News & Commentary

December 20, 2015

Per the Los Angeles Times and Arts Technica, Uber’s new driver agreement will not apply to drivers covered by the class action lawsuit currently pending in federal court. The new agreement prohibits drivers “from participating in or recovering relief under any current or future class-action lawsuits against the company, unless they opted out of that specific provision” — a move that Shannon Liss-Riordan, attorney for the plaintiffs, characterized as “a clear attempt at limiting the size of the class.” In an emergency motion filed in response to the new agreement, Liss-Riordan contended that “[d]rivers receiving the agreement would not realize that they are class members in this case, or that by agreeing and failing to opt out of the arbitration agreement, they may be giving up their right to participate. In effect, Uber is trying to substitute its own notice and opt-out mechanism for court-approved notice and supervision of the opt-out process, and has created substantial confusion among class members in the process.”U.S. District Judge Edward Chen seemed to agree, telling Uber’s attorney that regardless of the company’s “intent,” he “had no intent to say go ahead and issue [such] notices.” Judge Chen further mandated that the company refrain from “communicating with the class without some authorization.” Arts Technica also reports that Liss-Riordan has filed a new motion requesting a bench trial (rather than a jury trial) and a bifurcation of the proceedings into liability and damages phases.

Of the many slogans that Coca-Cola is known for, “Don’t Drink Coke” and “Coke Is a Joke” don’t really stand out at the top of the list. Yet as the Wall Street Journal reports, unionized workers at two of the beverage manufacturer’s bottling plants in Chicago are embracing these new slogans amidst a two-week-long labor dispute.
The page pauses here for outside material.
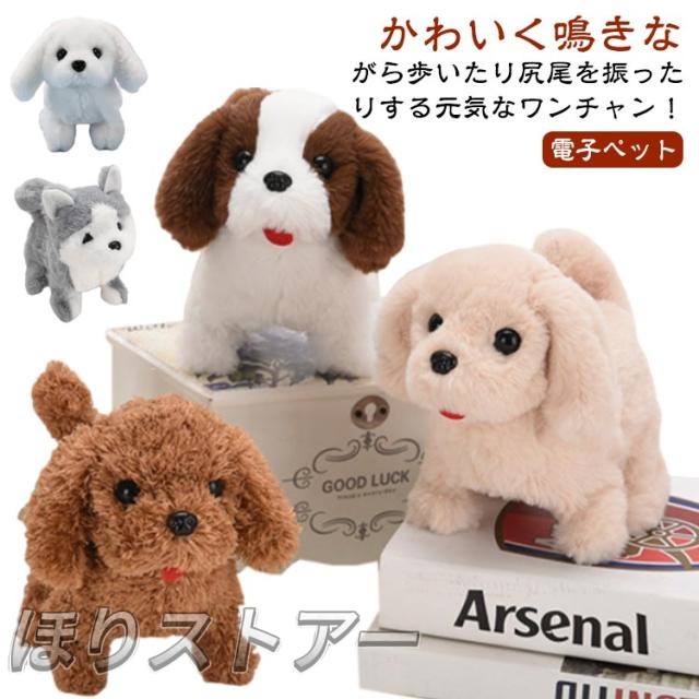 | かわいく鳴きながら歩いたり尻尾を振ったりする元気なワンチャン! 5種類選択可能で、好きな犬種をどうぞ! わんちゃんを飼いたいけど一人暮らしや、マンション住まいで飼えない方、お年寄りの癒しとして最適!小さなお子様や高齢の方までどの世代にも愛されること間違いなし! プレゼントにもおすすめです。 | |
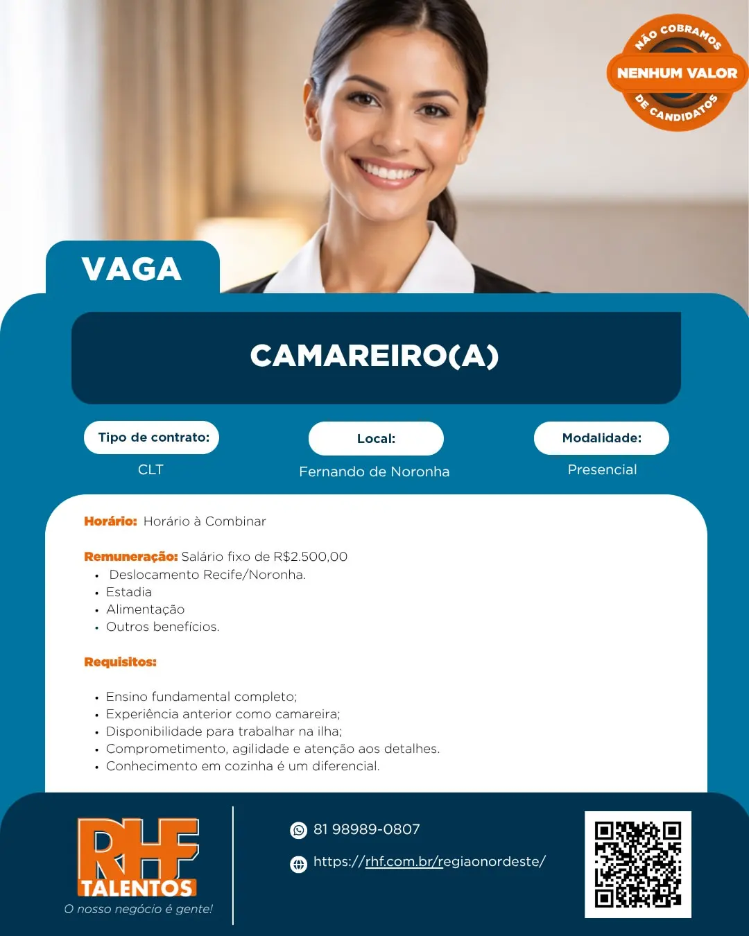 1 Vaga de emprego para Camareiro(a) / Governanta em Rhf Talentos neste sábado (11/04)

The workers are striking over hikes in health-care premiums as well as claims of “intimidation tactics” during contract negotiations, including allegations that managers walking the shop floor with baseball bats. The Journal notes that although Coca-Cola has typically enjoyed relatively stable relations with its workers — the last strike to affect the company was in 2012 — the strike comes as the company is seeking to cut $3 billion in costs in the face of declining soda sales. For its part, Coca-Cola says that the intimidation allegations are false, and that pay raises and enhanced retirement benefits will “more than offset higher health-care premiums.”

1,200-some-odd miles southwest of the Windy City, another group of laborers is also organizing for higher pay and better working conditions. According to NPR, approximately 70 workers who previously assembled Lexmark printers in factories — also known as maquiladoras — along the U.S.-Mexico border are protesting layoffs that they say came after they demanded better wages and complained of sexual harassment and insufficient safety gear. Hundreds of workers from other maquiladoras have also begun “protesting similar conditions and have petitioned the state to authorize their effort to unionize.” A local labor attorney notes that “worker discontent has been building for some time,” especially as factory jobs grow more plentiful and “fewer people are migrating to northern states in search of work.” These factors have led the workers — some of whom make as little as $7 a day — to feel empowered to push their employers for a better shake. Nonetheless, poor labor conditions continue to persist in the region. “Any sort of objective assessment would tell you that labor rights are not perfectly upheld in Mexico,” says one scholar.

Lydia DePillis of the Washington Post takes a closer look at the perils that working women face when they go on maternity leave. Noting that the EEOC received 5,217 pregnancy-related charges in 2014, DePillis writes that “[t]he volume of complaints is in part a result of the rising number of women in physical, low-wage fields where pregnancy is regarded as incompatible with particular job descriptions, like waitressing and working in a warehouse.” Yet even those “who don’t necessarily need any accommodation in order to fulfill their responsibilities” are vulnerable, including Kashawna Holmes, a recent mother who DePillis profiles in her piece. Holmes was terminated from her office job at the University of the District of Columbia just hours after giving birth to a son, even though she had filed the necessary paperwork for leave pursuant to federal and local law. “I was used to making a decent amount of money, living on my own, and I went from that to nothing, literally,” Holmes says. “I just really want them to know to think twice, maybe three times, before they do this to someone else.”

The ubiquity of the cell phone appears to have claimed another victim: hotel phone operators. The New York Times reports that as calls made from hotel telephones — and, accordingly, revenue generated from such calls — has experienced a steady decline, the need for hotel phone operators is similarly starting to dwindle. Nearly 500 operators continue to connect callers in 161 Big Apple hotels, but plans to eliminate such jobs are hastening. “I’m glad to still have a job, but not knowing how long it will last, and whether tomorrow they will call you in and tell you that’s it, is hard for me,” said one operator. Even after accounting for severance, the financial outlook for many of the operators is not looking bright: “After taxes, [the severance] will be just half that amount, and when you think about these ladies with kids in college and mortgages, they don’t look at that number as sufficient to give up their jobs,” said another operator. “They’re scared because they want to know who is going to hire them at their age.”